For the records below, print the lines from the line with "昼食 調理:大三島自然を愛する会" through the line with "приказом Министерства финансов" exactly as written; include both end lines and exclude the rest.

▶ MATERIAL FOR THE TASK:
========================================================================
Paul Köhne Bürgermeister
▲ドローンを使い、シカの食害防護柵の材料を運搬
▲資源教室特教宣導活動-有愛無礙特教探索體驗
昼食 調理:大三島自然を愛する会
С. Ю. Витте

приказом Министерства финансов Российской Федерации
========================================================================
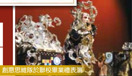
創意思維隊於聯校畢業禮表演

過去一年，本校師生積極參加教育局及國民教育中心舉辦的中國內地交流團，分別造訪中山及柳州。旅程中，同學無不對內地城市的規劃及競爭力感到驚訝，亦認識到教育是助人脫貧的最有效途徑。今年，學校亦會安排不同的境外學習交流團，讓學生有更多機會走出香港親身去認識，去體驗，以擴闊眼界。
========================================================================
▶ TASK OUTPUT:
昼食 調理:大三島自然を愛する会
С. Ю. Витте

приказом Министерства финансов Российской Федерации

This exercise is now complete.